44. Codicil of final privacy elaboration
If any provision of this Policy is read alongside a shorter notice, banner, form label, invoice statement, payment-link statement, processor notice or customer-provided employee notice, the documents should be read harmoniously where possible. A short form label may identify the field being collected, while this Policy explains why the field is collected, what happens after collection, who may see it, how long it may be kept and what rights may exist. Where a shorter notice is inconsistent with this Policy, the parties should consider the context, the time of collection and any mandatory law applicable to the specific processing activity.
We may update this privacy architecture as the business changes. If we add account logins, live payment checkout, analytics, newsletter subscriptions, catalogue-download gates, customer portals, warehouse integrations, CRM automation, AI-assisted support, automated address validation or recurring corporate-gift programmes, the data flows may change and this Policy may be updated. A privacy notice is a statement of processing practices at a point in time and may be revised as operations, technology, law, vendors and payment requirements change.
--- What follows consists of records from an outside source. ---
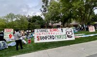 نصب الطلاب المتظاهرون أكثر من اثنتي عشرة خيمة في سپرول پلازا في جامعة كاليفورنيا-بركلي، قائلين إنهم سيبقون حتى تقاطع الجامعة الشركات المشاركة في الحرب. وتعهد مسؤولو الجامعة بإبعاد المتظاهرين الذين نصبوا الخيام أو "عطلوا النشاط الأكاديمي" بالقوة.[41]
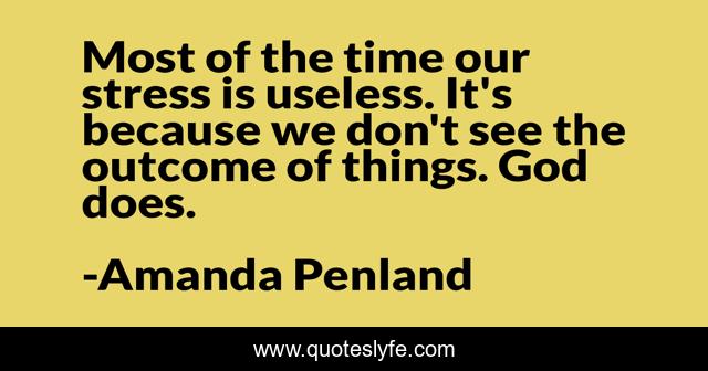 This page presents the quote "Most of the time our stress is useless. It's because we don't see the outcome of things. God does.". Author of this quote is Amanda Penland. This quote is about enthusiasm, stress, inspirational,.
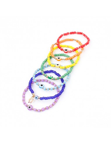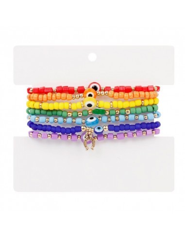Set de pulseras elásticas de mostacillas con los colores de los chakras.
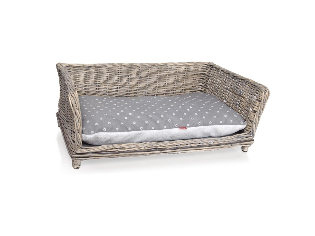 Proutěné kanape pro psy s povrchovou úpravou ve stylu Provence.
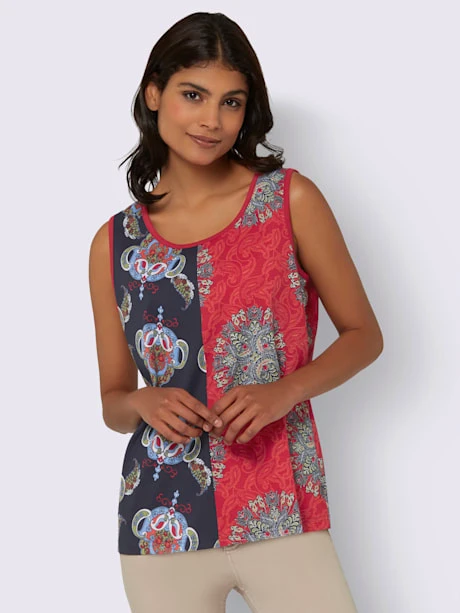 Ce débardeur associe 2 imprimés à un ravissant aspect patchwork. Encolure ronde. Qualité agréable à porter.
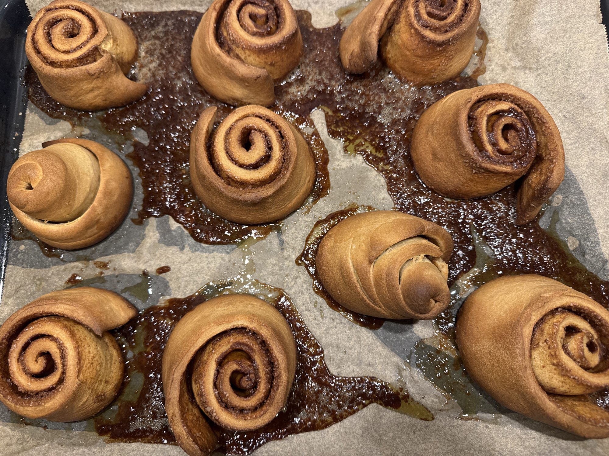 The image depicts a baking sheet lined with parchment paper on which ten cinnamon rolls are baked. The rolls are golden brown and surrounded by a caramel-like liquid, likely melted butter and sugar from the filling that has leaked out during baking. The scene is indoors, likely a kitchen. The location is not discernible from the image, so it is not possible to confirm if it is in Tvarditsa, Bulgaria. No people are visible.
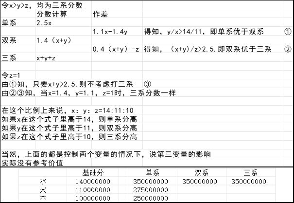 (就是如果主C最高分是双系的,如水火,则辅助过木系的朋友就没有奖励,但是辅助水和火的是OK的)
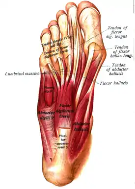 ![]() First layer of muscles of the sole of the foot (abductor hallucis visible at lower right) | |
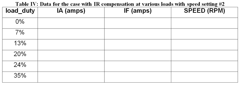 With the motor running push the “IR_Comp_On” button to turn on the IR compensation feature and then repeat the measurements described in the previous section using Table III and Table IV to record the data. Here is a print version (PDF) of the tables shown below.
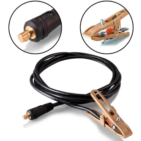 - Le câble de soudure de terre mesure 3 mètres de long et est équipé d’une fiche et d’une borne de terre.
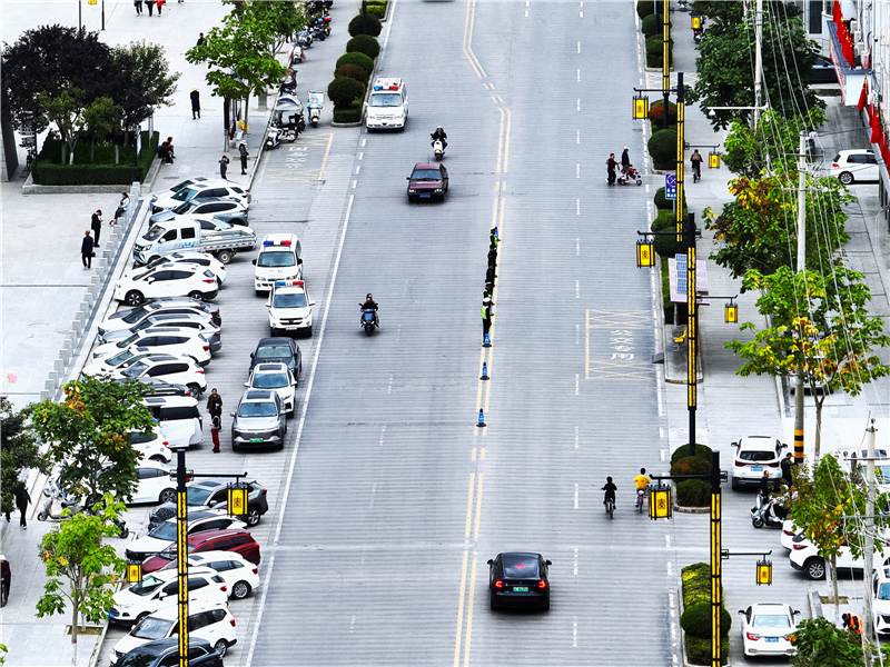 在熙攘的鹽井古街,巡邏民警的身影融入如織的游人;踏入寧靜的秦皇湖景區(qū),執(zhí)勤民警的腳步輕撫過每一條林間小徑;穿梭在節(jié)日的秦人廣場(chǎng),閃爍的警燈與萬家燈火交相輝映——這升騰流動(dòng)的“煙火人間”背后,總有一抹“藏藍(lán)”在默默守護(hù)。
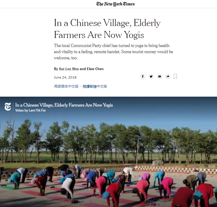 其實(shí),美國(guó)《紐約時(shí)報(bào)》網(wǎng)站早在去年就曾報(bào)道過玉狗梁村村民練瑜伽的故事。報(bào)道稱,玉狗梁村留守村民平均年齡為65歲,他們以養(yǎng)牛放羊以及耕種小塊土地為生。這個(gè)逐漸老齡化的小村莊需要活力和激情。村干部盧文震為此提出了一個(gè)大膽的計(jì)劃,讓村民們練瑜伽。而在瑜伽的作用下,村民們節(jié)省了醫(yī)療費(fèi)用。玉狗梁也因此受到了中國(guó)各大媒體的廣泛關(guān)注。盧文震說,他希望借關(guān)注度的提升吸引更多游客。
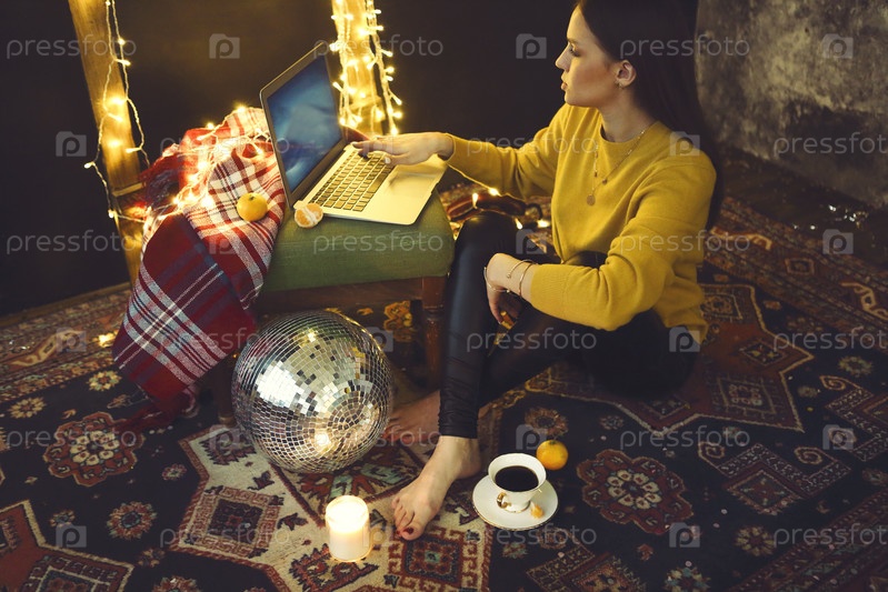Красивая молодая женщина делает покупки онлайн на ноутбуке в уютном рождественском интерьере
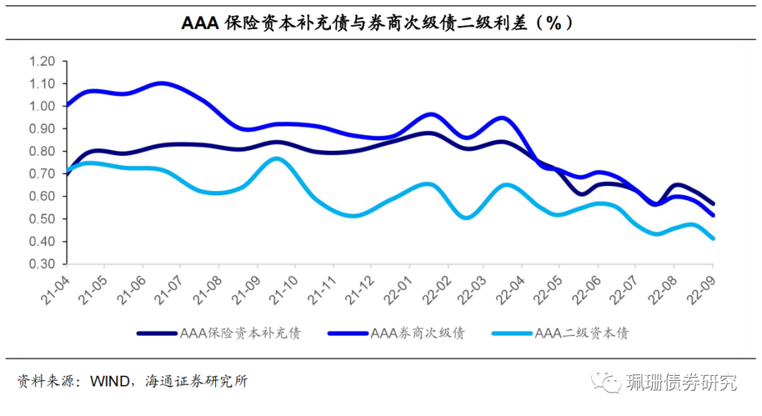二级利差继续下降。我们用存量AAA债券的估值收益率减去当天相同剩余期限国开债收益率作为个券利差,以个券余额占存量AAA债券总余额的比重作为权重,计算AAA保险资本补充债、券商次级债和二级资本债的二级利差。截至9月15日,保险资本补充债、券商次级债的二级利差分别为0.57%、0.52%,较8月31日分别下行5.5BP、6.4BP。对比来看,截至9月15日,AAA券商次级债、保险资本补充债平均利差分别高于二级资本债15BP、10BP。
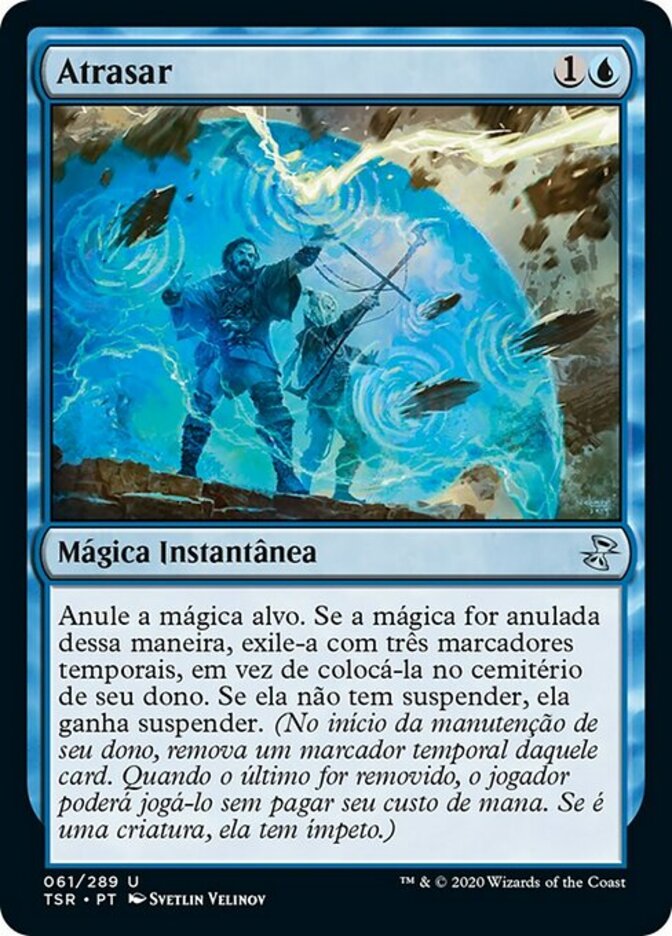 | Rules | Counter target spell. If the spell is countered this way, exile it with three time counters on it instead of putting it into its owner's graveyard. If it doesn't have suspend, it gains suspend. (At the beginning of its owner's upkeep, remove a time counter from that card. When the last is removed, the player plays it without paying its mana cost. If it's a creature, it has haste.) |
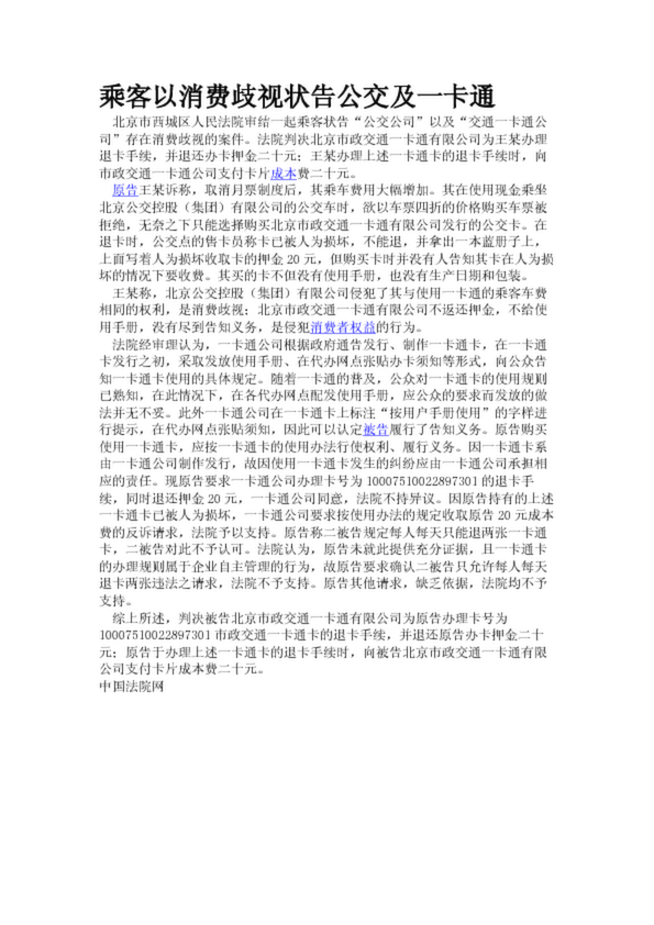 乘客以消費歧視狀告公交及一卡通(19.60KB)
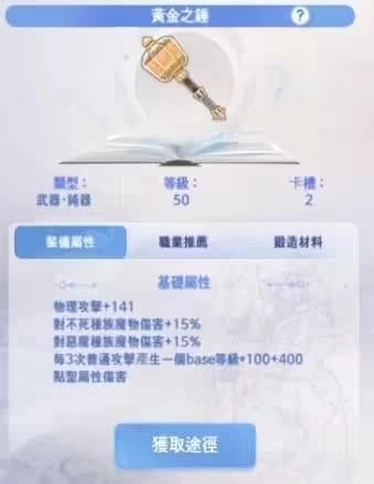 敏暴流派的搭配为黄金锤、洒水、齿轮,专门针对不死系和恶魔系怪物,练级效率不比其他物理职业差。不过到了后期,怪物血量会大幅增加,这时候如果能拿到80级的驱魔武器,并且把它强化到+10以上(+15是比较理想的),就可以考虑转型成驱魔流派了。在游戏的初中期阶段练级,还有打图鉴的时候,都推荐选择敏暴流派。
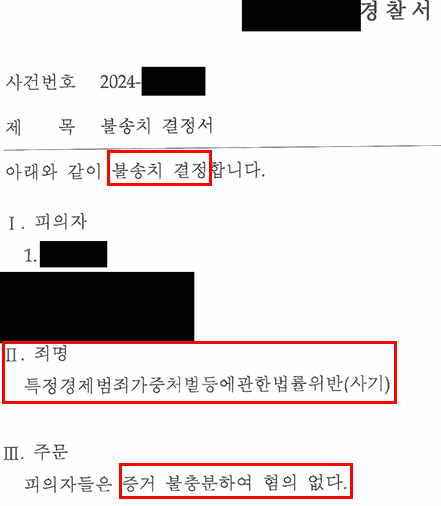 [성공사례] 투자 사기 공범 혐의, 경찰 수사단계에서 ‘혐의없음’ 불송치결정을 이끌어낸 사례

Customers should check the effective date when relying on the Policy for procurement, processor review or recipient notices.
The overriding rule remains minimisation. Send only the information needed. Use role-based business contacts where possible. Avoid sensitive data. Keep recipient lists accurate. Tell recipients what is happening where you control the relationship. Use secure channels for large files. Do not email payment credentials. Contact us early if something is wrong. These operational requirements are intended to reduce privacy risk, support accurate delivery, preserve payment and order records, and allow rights requests to be handled without unnecessary processing of irrelevant personal data.
Short operational summary: We collect the information needed to quote, customise, take payment for, pack and deliver corporate gifts. Payment providers such as Stripe or Airwallex may process payment and compliance data under their own terms. Do not email card details. Recipient lists should contain only what is needed for fulfilment.